> **Problem to solve**
Everything in the listing should be copied exactly, save for the pictures.

> **The data**

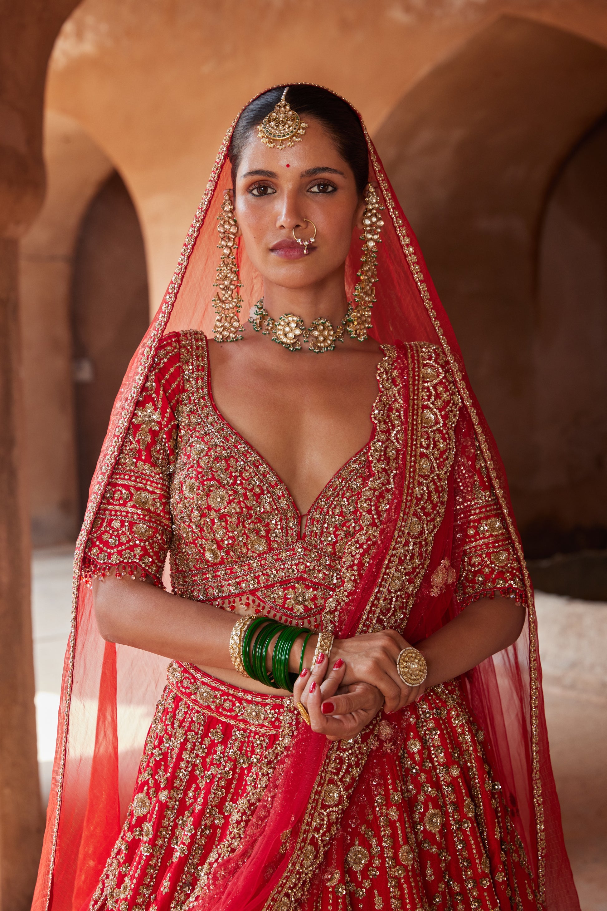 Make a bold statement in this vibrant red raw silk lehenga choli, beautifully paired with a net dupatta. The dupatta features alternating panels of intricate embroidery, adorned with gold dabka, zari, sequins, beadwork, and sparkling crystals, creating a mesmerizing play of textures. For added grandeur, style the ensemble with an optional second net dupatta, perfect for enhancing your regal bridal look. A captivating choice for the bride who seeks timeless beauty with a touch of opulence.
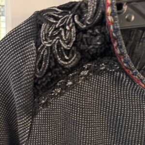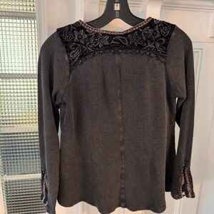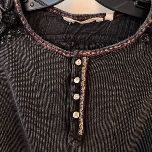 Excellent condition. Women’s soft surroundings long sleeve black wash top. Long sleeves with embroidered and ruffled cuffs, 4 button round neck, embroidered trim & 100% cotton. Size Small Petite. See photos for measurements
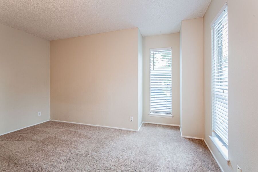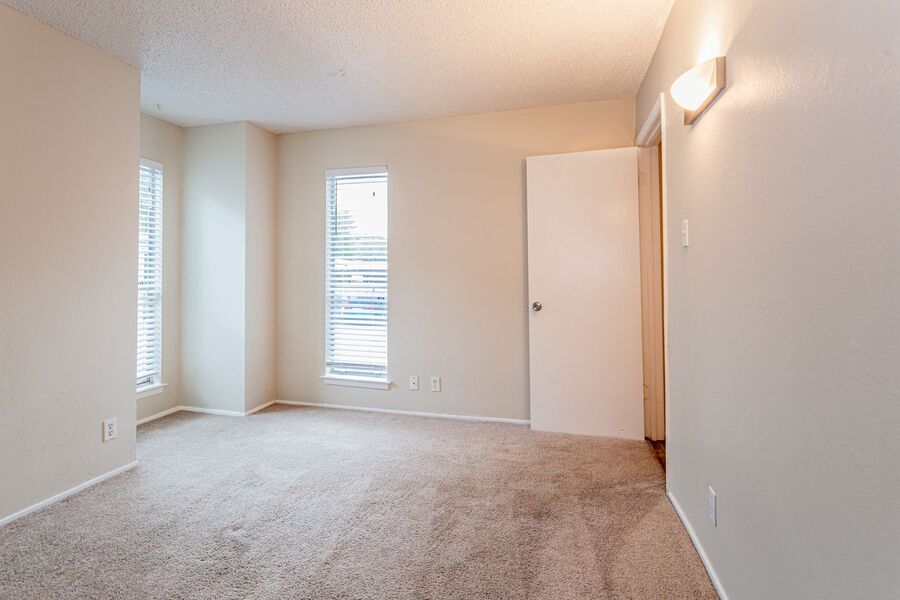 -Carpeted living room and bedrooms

> **Your solution**
 Make a bold statement in this vibrant red raw silk lehenga choli, beautifully paired with a net dupatta. The dupatta features alternating panels of intricate embroidery, adorned with gold dabka, zari, sequins, beadwork, and sparkling crystals, creating a mesmerizing play of textures. For added grandeur, style the ensemble with an optional second net dupatta, perfect for enhancing your regal bridal look. A captivating choice for the bride who seeks timeless beauty with a touch of opulence.
 Excellent condition. Women’s soft surroundings long sleeve black wash top. Long sleeves with embroidered and ruffled cuffs, 4 button round neck, embroidered trim & 100% cotton. Size Small Petite. See photos for measurements
 -Carpeted living room and bedrooms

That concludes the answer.